Remember the Phoenix

I learned that today. I listen to college level courses at The Great Courses and today I was listening to “Mind, Body Medicine: new science of optimal health” and in the lesson the instructor said something like this:

Never forget the phoenix for the ashes.

I’ve heard that or similar sayings before. I had just spent the last 3 hours trying not to break down and cry after pouring some coffee for myself. And no, I did not spill it. But I did sit down and realize I need to get on top of what was happening with me quickly. I took my prescribed medications for these situations.

I don’t remember how exactly I managed it but I went through the part of my lesson for today and started meditating. No, I’m not religious in any way. But, meditation is a discipline unto itself and is time tested to heal the human mind. I’m willing to give it a go. So I spent the 30 seconds I was able to focus on sitting down when I stood up to try again. Why? The lecturer said I could if I wanted to. So I did.

Oh, yes, the lecture was partly on meditation. I forgot my address today. My social security number two days ago and my phone number and my soc number mixed together (the first three numbers are the same, just in different ways.). So, forgive me for getting this mixed up. Oh my stars. (Thank you Bewitched)

Then I looked at my puppy Bailey and remembered that she’s learning to be my companion/service dog. I needed to let her be that for me now. I trained her. It’s great because our attention spans are about the same. 5-15 minutes tops. We trained three times today. The last time she carried a piece of mail from the mailbox all the way to the house, in the house and up the stairs. Wow!
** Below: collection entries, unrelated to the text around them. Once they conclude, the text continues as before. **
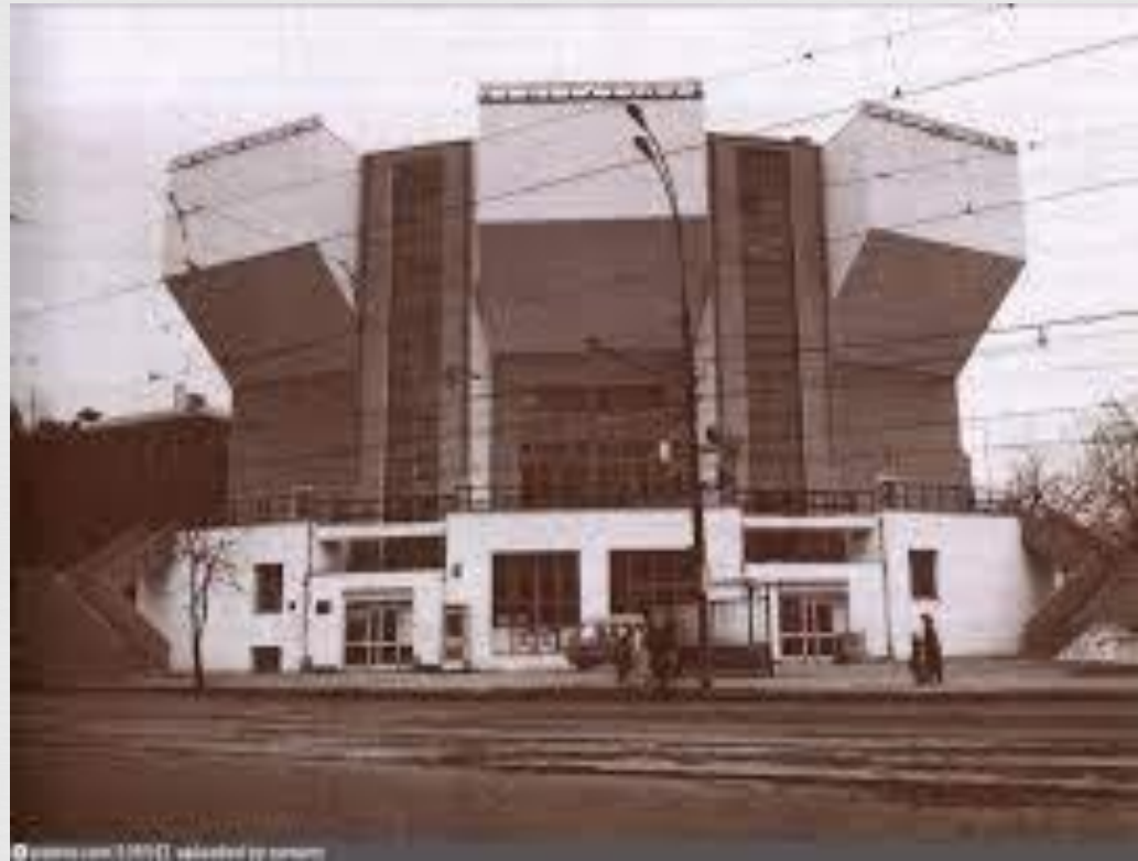
Мельников К.С. Клуб им. Русакова 1927г. - 1929г.
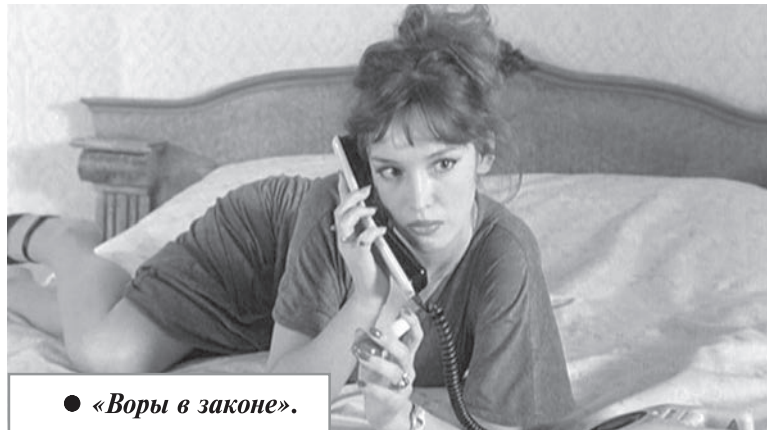
● «Воры в законе».

Самохина была человеком верующим, но, как назло, роли ей доставались отнюдь не «христианские». Тем не менее от неоднозначных ролей она не отказывалась. Даже когда актрису пригласили на роль Маргариты, согласилась, несмотря на мифы, которыми была ок-
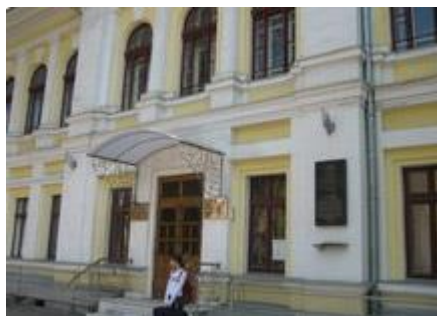
Одесская государственная музыкальная академия им. А. В Неждановой
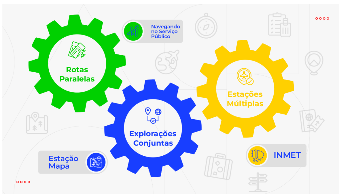
Figura 1: Mapa de Bordo da Trilha do PDI para os novos Servidores da SDI-Mapa.

Este guia tem como objetivo fornecer orientações para os servidores que atuarão como tutores durante a recepção de novos servidores públicos, oferecendo uma abordagem estruturada e alinhada às necessidades das instituições e seus participantes nos processos de recepção de novos servidores.
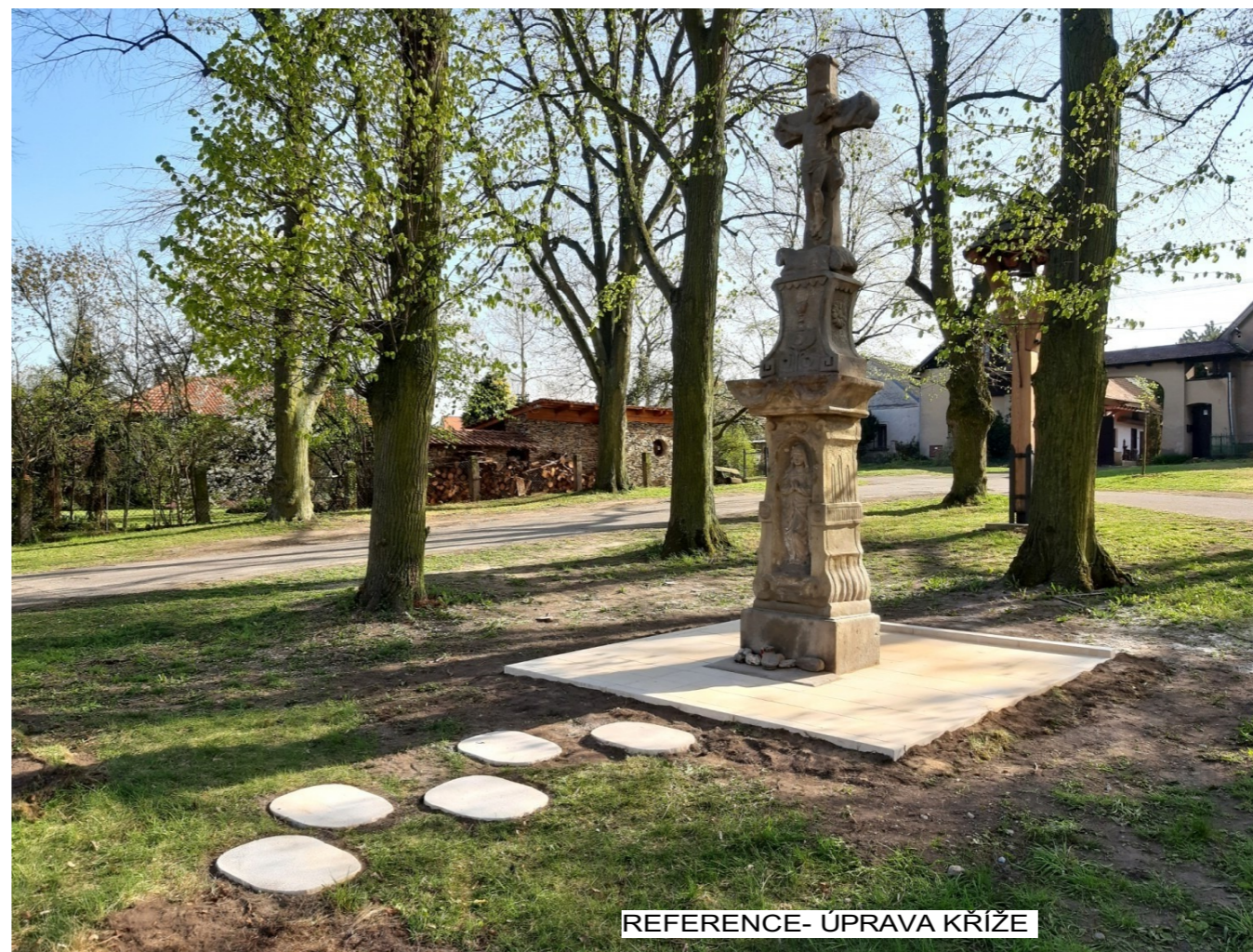
REFERENCE- ÚPRAVA KŘÍŽE

zodpovědný projektant Ing. arch. Tomáš Havelka autorizovaný architekt autorizace A1 č. 05135 V. Dobiáše 498 506 01 Jičín tel: 603 445 750 havelka.architekt@seznam.cz www.havelka-architekt.cz
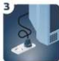
3 Подключите электропитание и включите телевизор
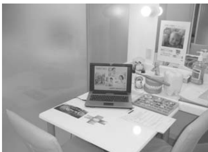
患者さんの納得がいくまで話し合う カウンセリングルーム
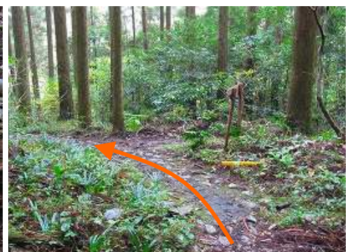
参道分岐を通過する。
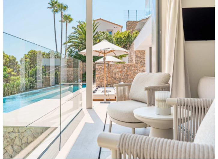
Zeit zum Genießen

This was only the second time I’ve tried to get her to carry the mail. She did it the first time, but I got it from her at the door.

So Bailey and a bird called the Phoenix reminded me that I need to take care of myself every minute.

My father is 73 and has a two inch spot in his lung. We’ve had our differences and aren’t buddies, but… he’s my dad.

I would like to not have ADHD so I can deal with one thing at a time, one thing at a time. Uhh… Makes me crazy. Me, my brain… makes me “crazy”.

Peace to the Phoenix. More soon my friend.

Bipolar – The Friend That Never Leaves

Well, she does rather enjoy chasing and eating leaves. There are no leaves on my back porch.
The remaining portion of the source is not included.